Collection entries —
────────────────────

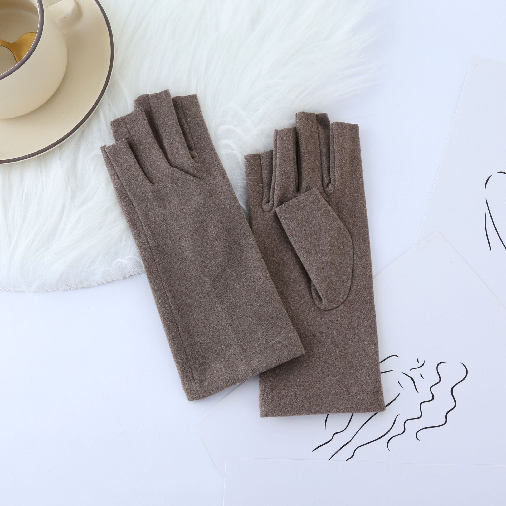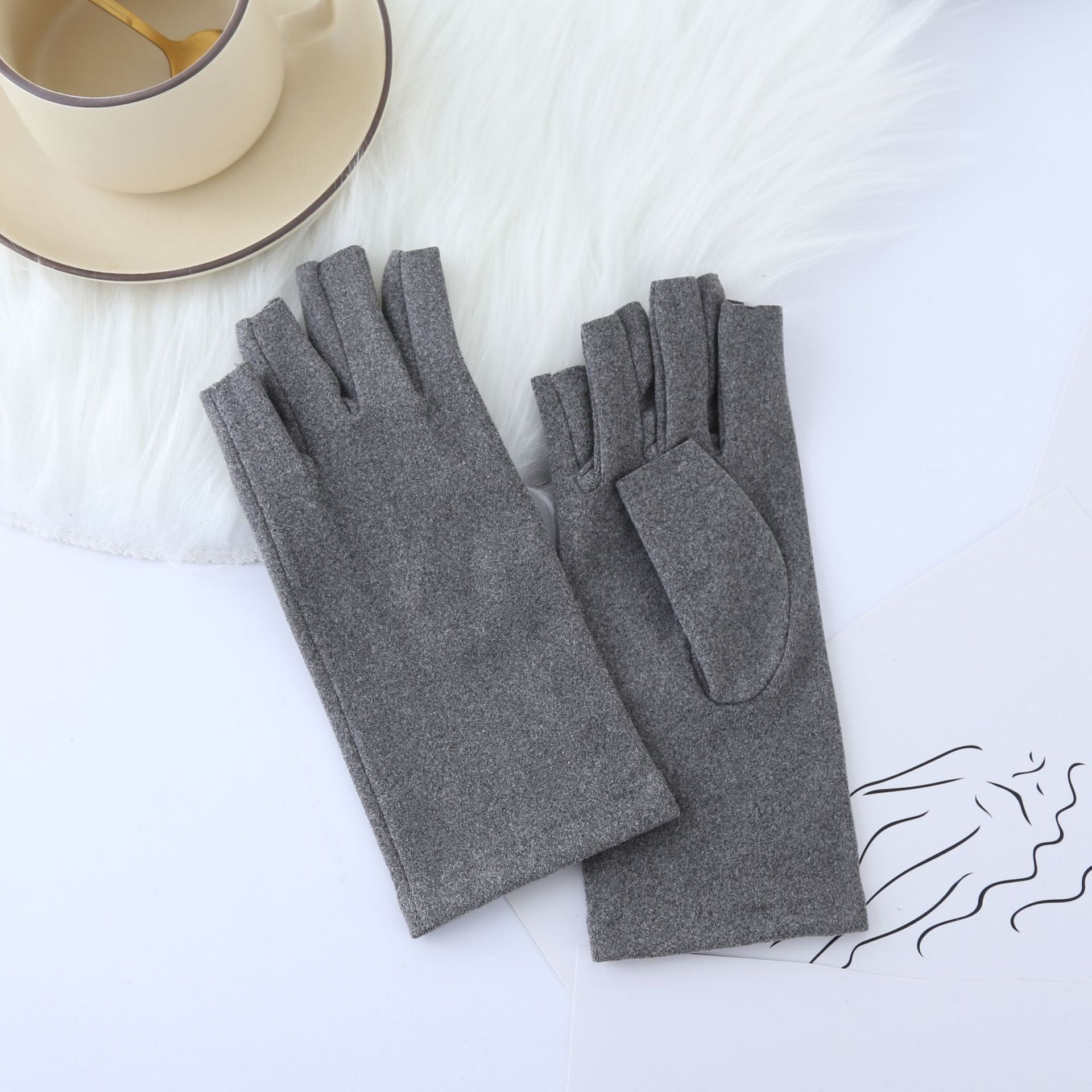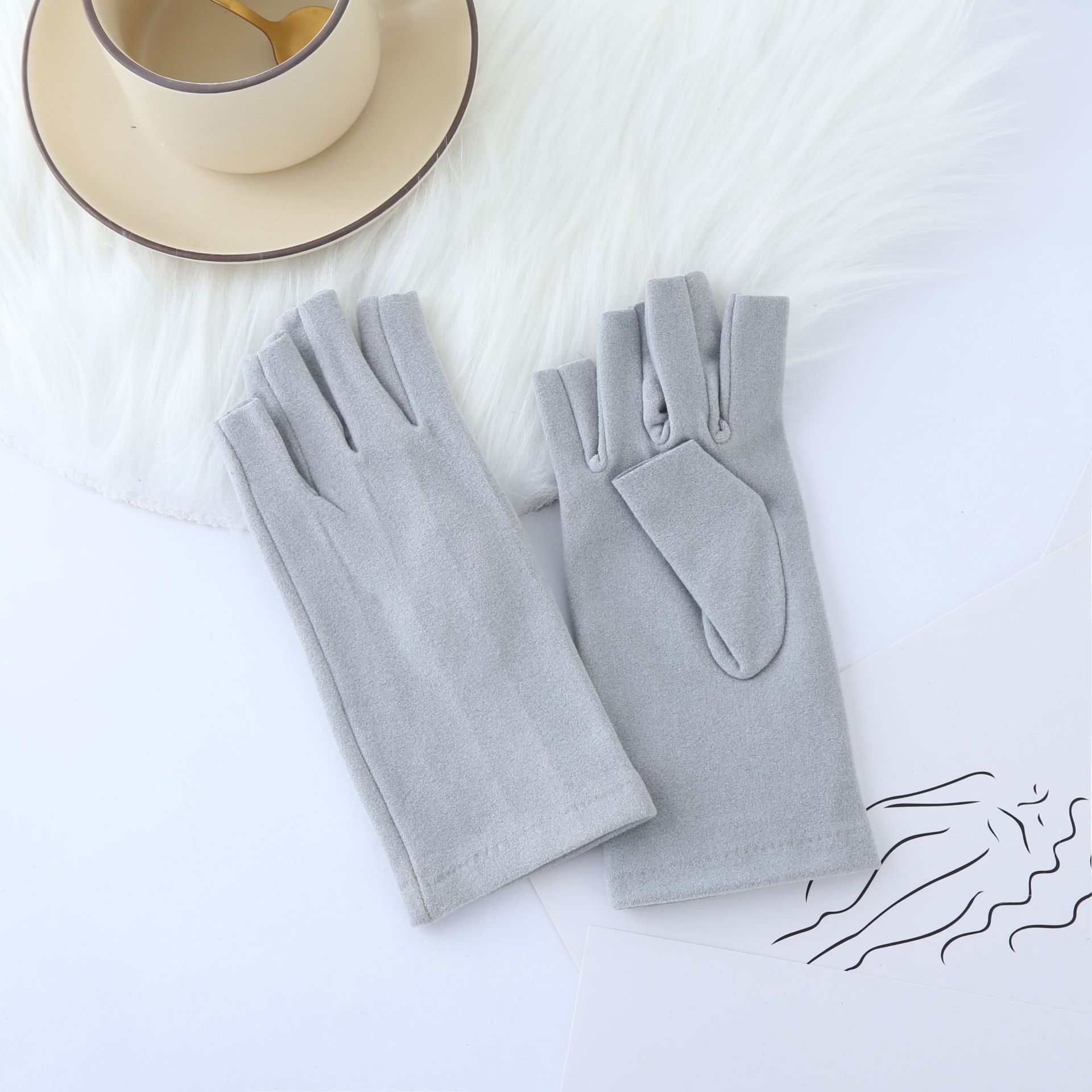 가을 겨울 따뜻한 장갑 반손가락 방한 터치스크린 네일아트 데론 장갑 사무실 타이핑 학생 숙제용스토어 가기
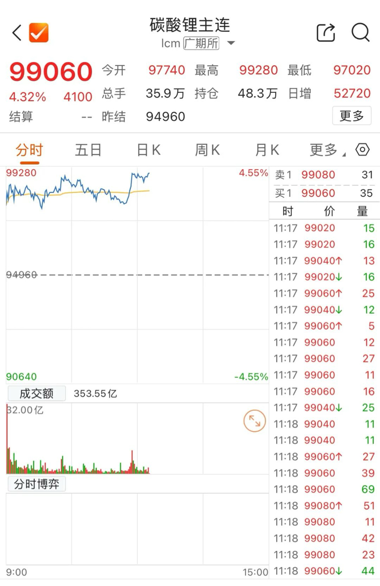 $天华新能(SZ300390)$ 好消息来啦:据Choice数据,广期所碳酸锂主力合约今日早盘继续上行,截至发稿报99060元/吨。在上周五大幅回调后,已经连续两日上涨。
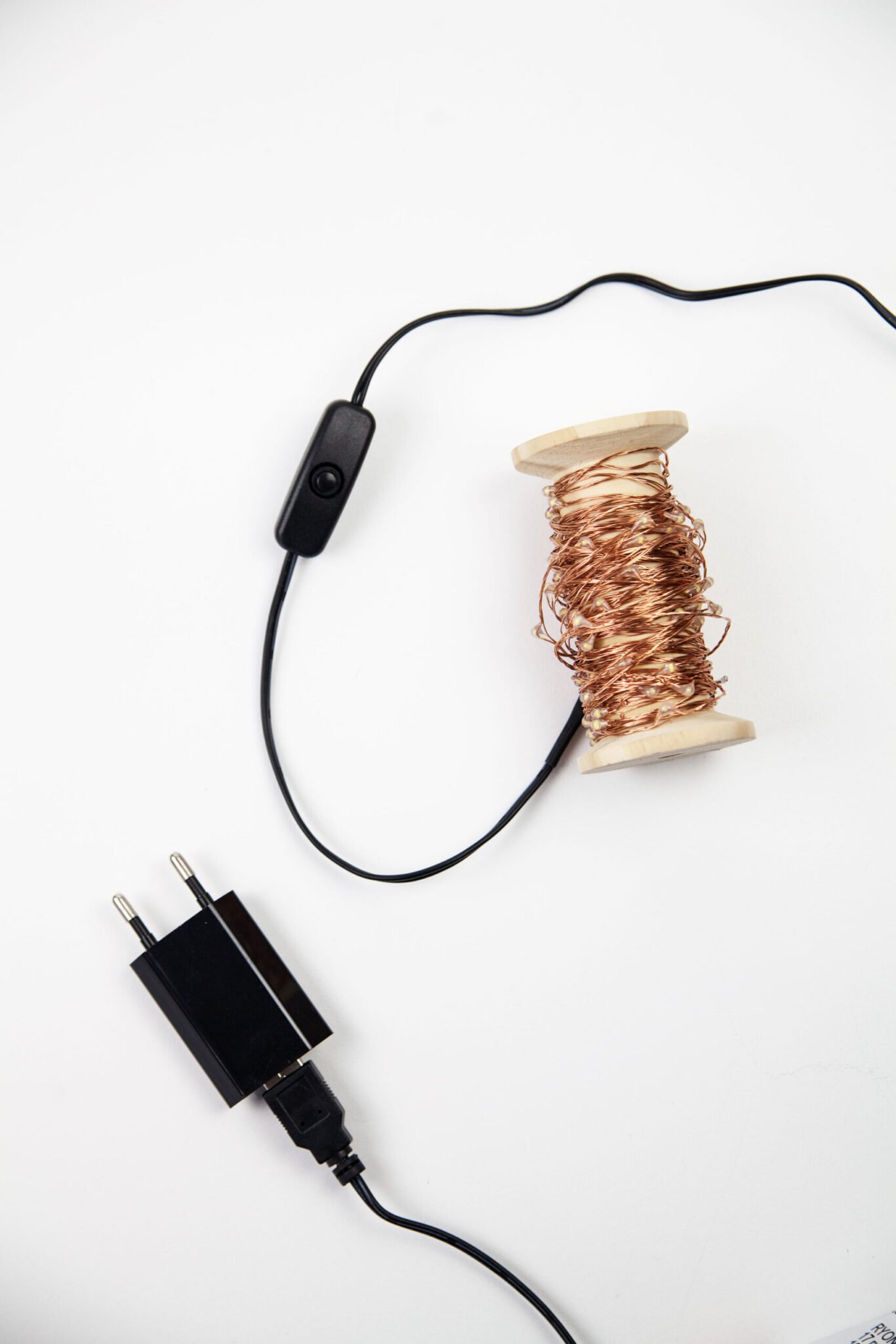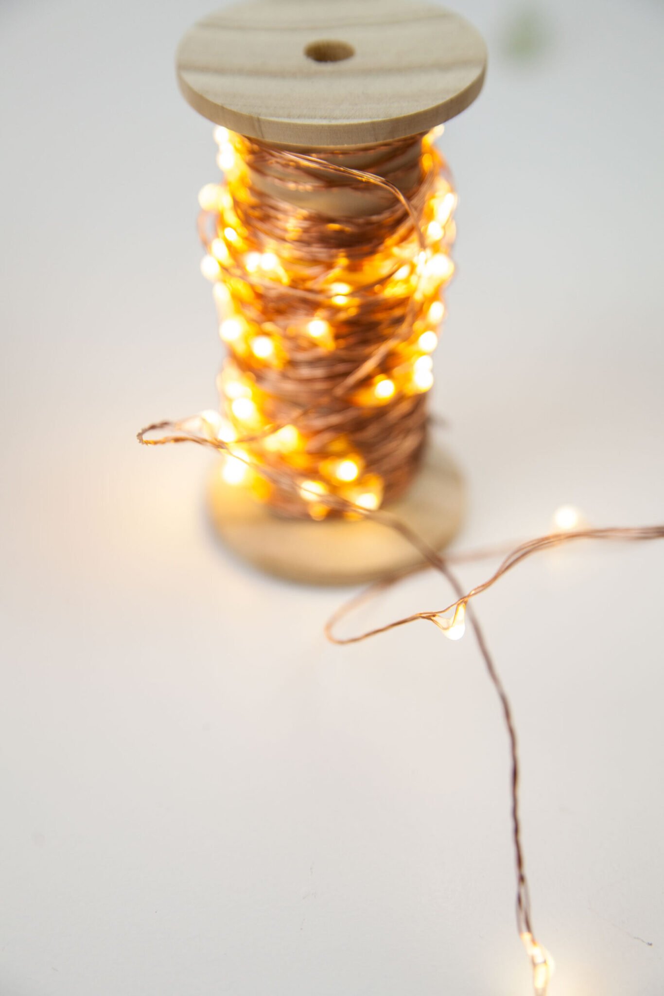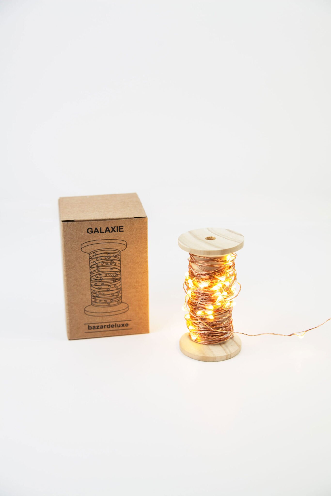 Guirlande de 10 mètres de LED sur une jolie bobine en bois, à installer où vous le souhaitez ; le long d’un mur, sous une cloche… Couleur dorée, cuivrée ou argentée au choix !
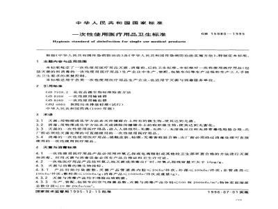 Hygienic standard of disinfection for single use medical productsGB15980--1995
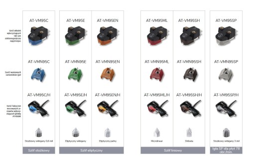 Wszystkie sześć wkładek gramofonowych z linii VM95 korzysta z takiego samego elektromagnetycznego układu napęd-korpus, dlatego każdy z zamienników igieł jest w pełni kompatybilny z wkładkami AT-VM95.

────────────────────

TASK PROMPT — When you print the entries, keep every line exactly as it is and drop the pictures.

REPLY TO THE EXERCISE —
 가을 겨울 따뜻한 장갑 반손가락 방한 터치스크린 네일아트 데론 장갑 사무실 타이핑 학생 숙제용스토어 가기
 $天华新能(SZ300390)$ 好消息来啦:据Choice数据,广期所碳酸锂主力合约今日早盘继续上行,截至发稿报99060元/吨。在上周五大幅回调后,已经连续两日上涨。
 Guirlande de 10 mètres de LED sur une jolie bobine en bois, à installer où vous le souhaitez ; le long d’un mur, sous une cloche… Couleur dorée, cuivrée ou argentée au choix !
 Hygienic standard of disinfection for single use medical productsGB15980--1995
 Wszystkie sześć wkładek gramofonowych z linii VM95 korzysta z takiego samego elektromagnetycznego układu napęd-korpus, dlatego każdy z zamienników igieł jest w pełni kompatybilny z wkładkami AT-VM95.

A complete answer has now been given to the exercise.